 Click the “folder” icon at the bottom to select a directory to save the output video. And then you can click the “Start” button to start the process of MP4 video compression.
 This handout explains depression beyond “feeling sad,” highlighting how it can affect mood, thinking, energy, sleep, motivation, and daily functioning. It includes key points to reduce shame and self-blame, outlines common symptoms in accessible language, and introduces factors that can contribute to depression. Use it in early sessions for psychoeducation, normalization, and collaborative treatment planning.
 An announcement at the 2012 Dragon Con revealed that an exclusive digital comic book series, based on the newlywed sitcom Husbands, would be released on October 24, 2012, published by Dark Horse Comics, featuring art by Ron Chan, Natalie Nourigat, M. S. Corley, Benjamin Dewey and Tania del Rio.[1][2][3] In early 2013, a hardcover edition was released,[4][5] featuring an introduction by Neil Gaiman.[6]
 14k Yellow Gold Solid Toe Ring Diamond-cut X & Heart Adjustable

════════════════════

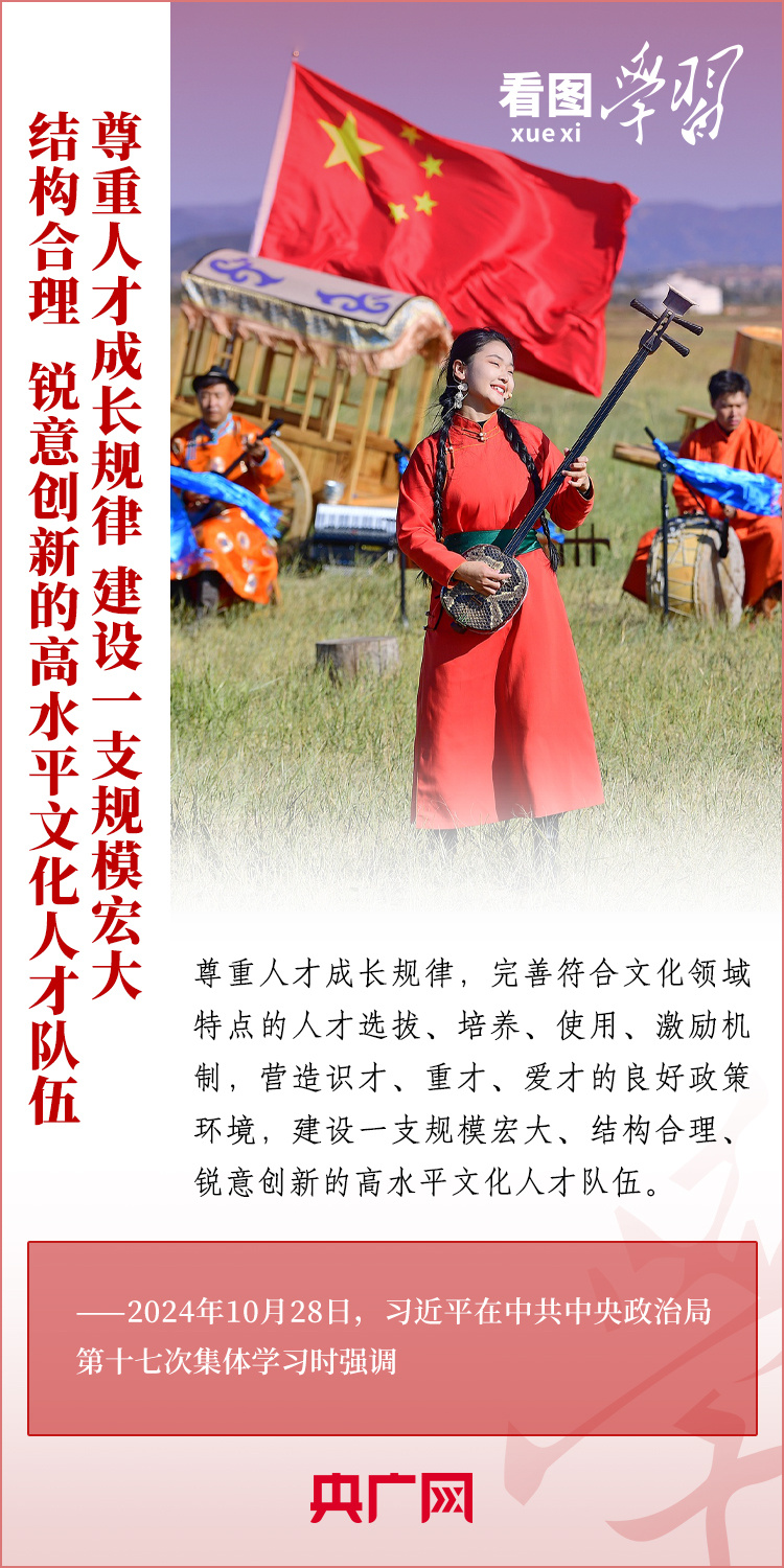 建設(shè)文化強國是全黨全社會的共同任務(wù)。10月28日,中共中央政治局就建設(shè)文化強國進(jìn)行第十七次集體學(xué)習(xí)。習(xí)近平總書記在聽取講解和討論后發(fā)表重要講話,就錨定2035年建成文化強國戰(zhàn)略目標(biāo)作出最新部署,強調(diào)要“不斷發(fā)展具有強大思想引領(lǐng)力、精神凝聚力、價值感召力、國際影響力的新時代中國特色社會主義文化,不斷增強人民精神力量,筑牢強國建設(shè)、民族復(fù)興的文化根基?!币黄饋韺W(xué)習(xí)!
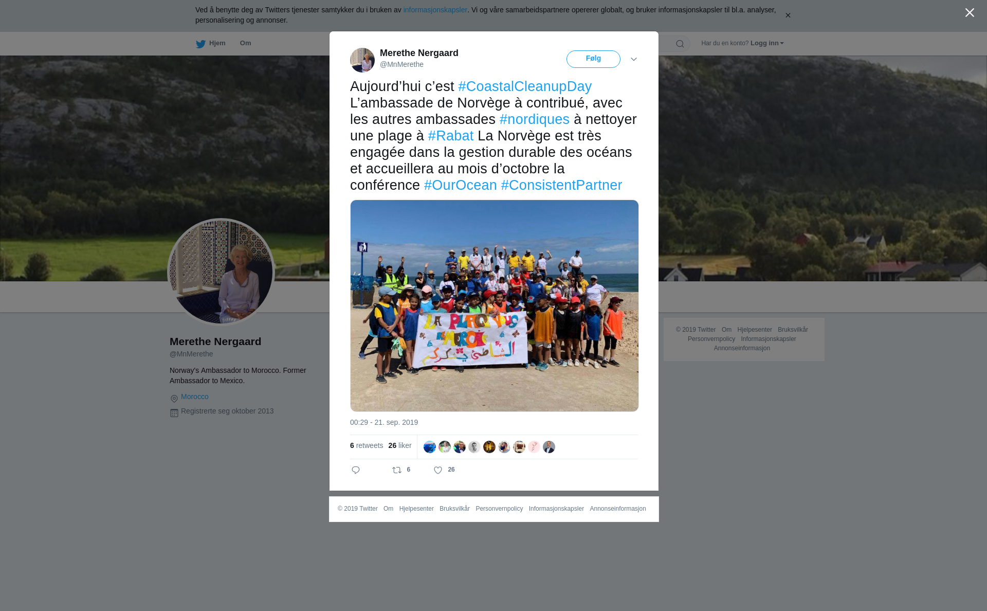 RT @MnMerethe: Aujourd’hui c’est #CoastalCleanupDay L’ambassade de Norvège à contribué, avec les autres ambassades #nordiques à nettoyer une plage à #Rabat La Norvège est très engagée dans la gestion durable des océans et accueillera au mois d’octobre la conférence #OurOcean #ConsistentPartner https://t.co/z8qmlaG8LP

════════════════════

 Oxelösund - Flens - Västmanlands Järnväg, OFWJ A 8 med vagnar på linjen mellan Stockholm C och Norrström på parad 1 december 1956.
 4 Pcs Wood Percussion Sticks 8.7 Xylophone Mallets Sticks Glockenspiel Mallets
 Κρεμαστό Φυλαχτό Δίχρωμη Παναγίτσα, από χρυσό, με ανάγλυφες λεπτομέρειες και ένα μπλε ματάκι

════════════════════

### What needs to be done
Above are the records; repeat exactly the lines from the one holding "4 Pcs Wood Percussion" down to the one holding "Κρεμαστό Φυλαχτό Δίχρωμη", end lines included.

### Written solution
 4 Pcs Wood Percussion Sticks 8.7 Xylophone Mallets Sticks Glockenspiel Mallets
 Κρεμαστό Φυλαχτό Δίχρωμη Παναγίτσα, από χρυσό, με ανάγλυφες λεπτομέρειες και ένα μπλε ματάκι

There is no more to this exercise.